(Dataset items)

/---

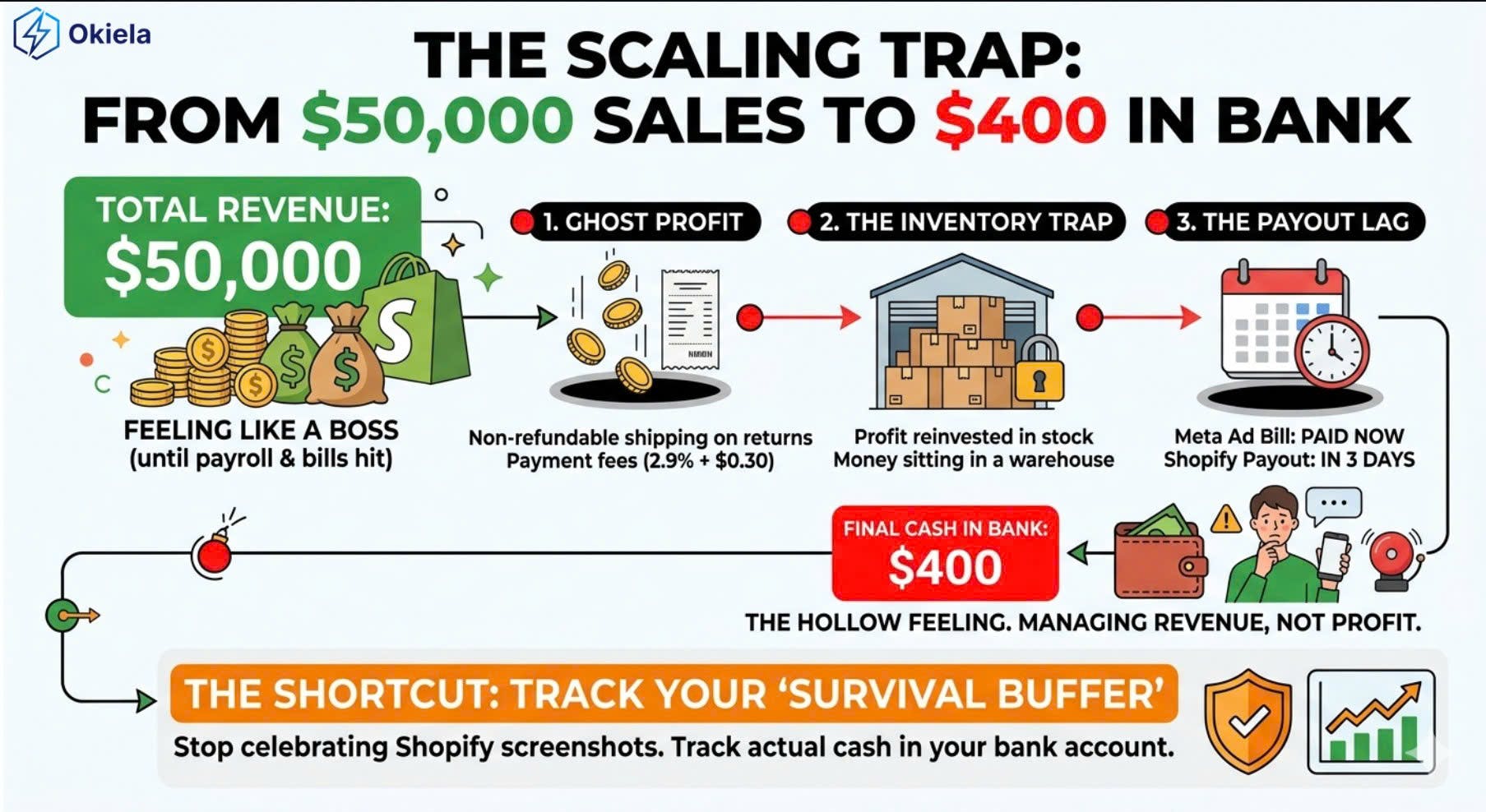 The Shortcut: Stop celebrating Shopify screenshots. Start tracking your "Survival Buffer" in your bank account.
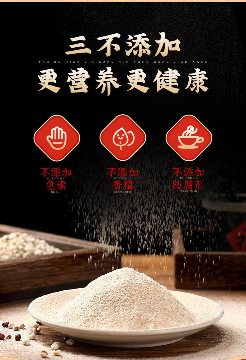 Selling method: packaging  Storage conditions: room temperature  Shelf life: 24 months  Formulation:Powder  Storage method: room temperature  Production date: see the package  Packing:Barrel  Production Licence Number:SC11341019200073  Packing specification:500g/can  Food category: meal replacement powder  Net content (specifications):500g  Sugar content:Yes  Main nutrients:red bean Job's tears
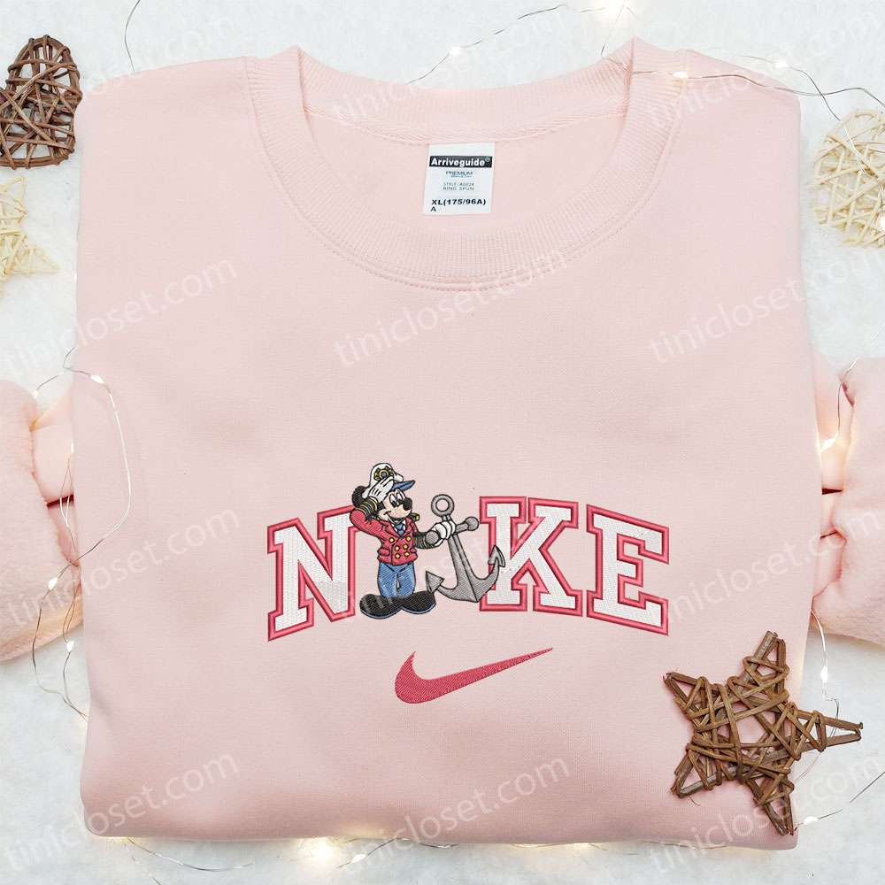 Nike X Cruise Trip Anchor Ship Mickey Embroidered T-shirt, Disney Characters Embroidered Shirt, Nike Inspired Embroidered Shirt
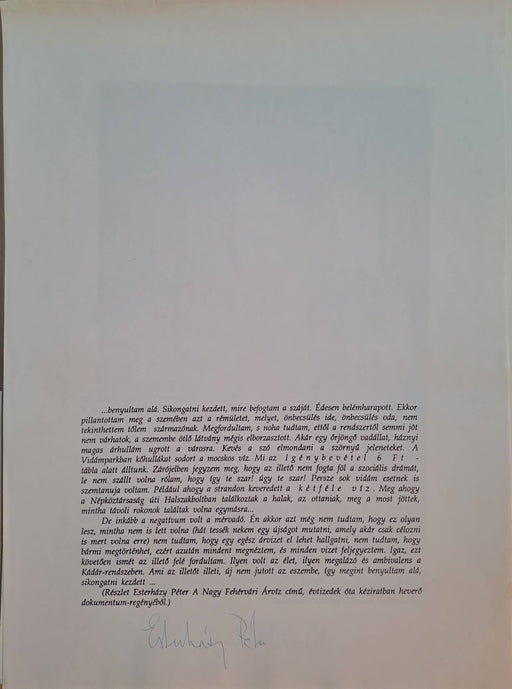 Esterházy Péter és Hegedűs 2 László által aláírt példány. 45 db aláírt nyomattal, egy Esterházy Péter aláírását tartalmazó magyar-angol szöveglappa...
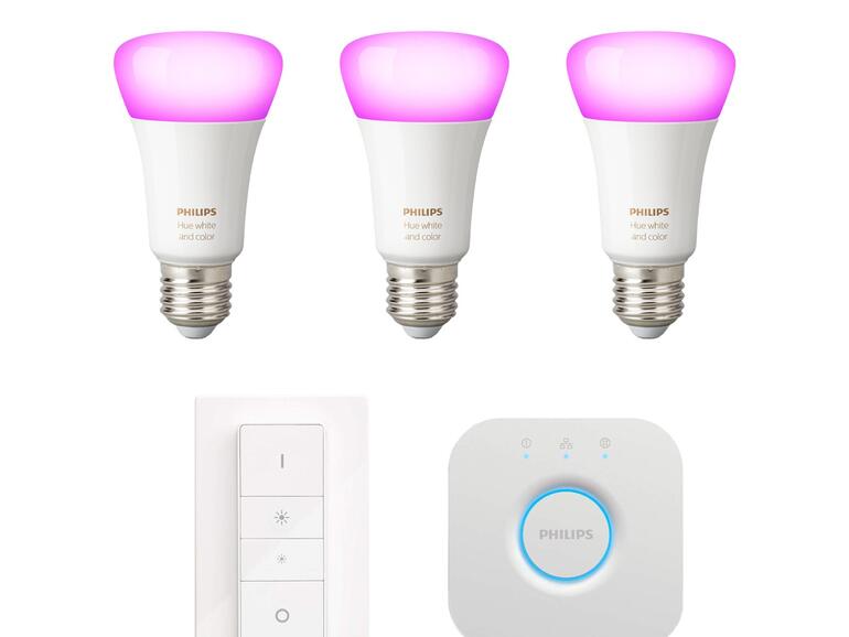 Philips beleuchtet mit seinen Hue-Lampen gefühlt jedes zweite Smart-Home, das System ist nicht zuletzt ob der Vielfalt an unterschiedlichen Leuchtmitteln außerordentlich beliebt. Der Einstieg in das qualitativ hochwertige System ist aber nicht günstig – da kommt jedes Angebot gelegen. Der Online-Shop Tink schnürt im Rahmen seiner „Smart Week“ ein ebensolches Angebot: Ingesamt drei farbfähige E27-LED-Birnen kommen hier im Paket einer Bridge und einem Dimmschalter zum Sparpeis daher.
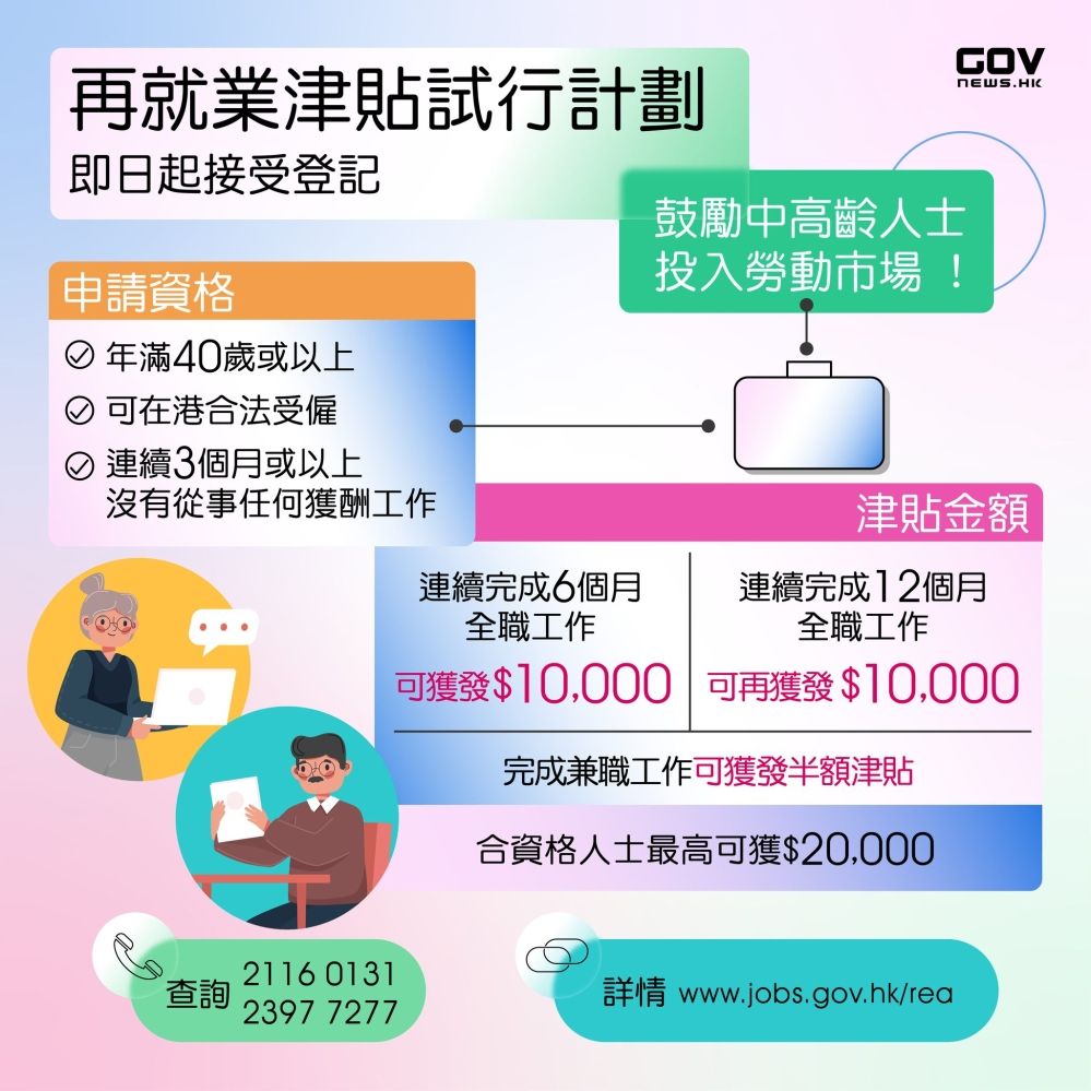 【裁員潮/辭職/遣散/中年再就業/離職攻略/失業/打工仔必知/政府再就業津貼試行計劃/勞工處】香港經濟持續下滑,近日亦有不少企業傳出炒人/裁員的消息,相信不少人在努力搵工當中,勞工處去年年中推出「再就業津貼試行計劃」,宗旨在鼓勵中年人士再就業,成功重投就業市場的朋友,可以申領到2萬元的津貼,想知申請資格、年齡條件、申請方法及津貼發放方法,即入內文睇睇。

\---

The records above should be returned exactly, with only their pictures held back.

Output of the task:
 The Shortcut: Stop celebrating Shopify screenshots. Start tracking your "Survival Buffer" in your bank account.
 Selling method: packaging  Storage conditions: room temperature  Shelf life: 24 months  Formulation:Powder  Storage method: room temperature  Production date: see the package  Packing:Barrel  Production Licence Number:SC11341019200073  Packing specification:500g/can  Food category: meal replacement powder  Net content (specifications):500g  Sugar content:Yes  Main nutrients:red bean Job's tears
 Nike X Cruise Trip Anchor Ship Mickey Embroidered T-shirt, Disney Characters Embroidered Shirt, Nike Inspired Embroidered Shirt
 Esterházy Péter és Hegedűs 2 László által aláírt példány. 45 db aláírt nyomattal, egy Esterházy Péter aláírását tartalmazó magyar-angol szöveglappa...
 Philips beleuchtet mit seinen Hue-Lampen gefühlt jedes zweite Smart-Home, das System ist nicht zuletzt ob der Vielfalt an unterschiedlichen Leuchtmitteln außerordentlich beliebt. Der Einstieg in das qualitativ hochwertige System ist aber nicht günstig – da kommt jedes Angebot gelegen. Der Online-Shop Tink schnürt im Rahmen seiner „Smart Week“ ein ebensolches Angebot: Ingesamt drei farbfähige E27-LED-Birnen kommen hier im Paket einer Bridge und einem Dimmschalter zum Sparpeis daher.
 【裁員潮/辭職/遣散/中年再就業/離職攻略/失業/打工仔必知/政府再就業津貼試行計劃/勞工處】香港經濟持續下滑,近日亦有不少企業傳出炒人/裁員的消息,相信不少人在努力搵工當中,勞工處去年年中推出「再就業津貼試行計劃」,宗旨在鼓勵中年人士再就業,成功重投就業市場的朋友,可以申領到2萬元的津貼,想知申請資格、年齡條件、申請方法及津貼發放方法,即入內文睇睇。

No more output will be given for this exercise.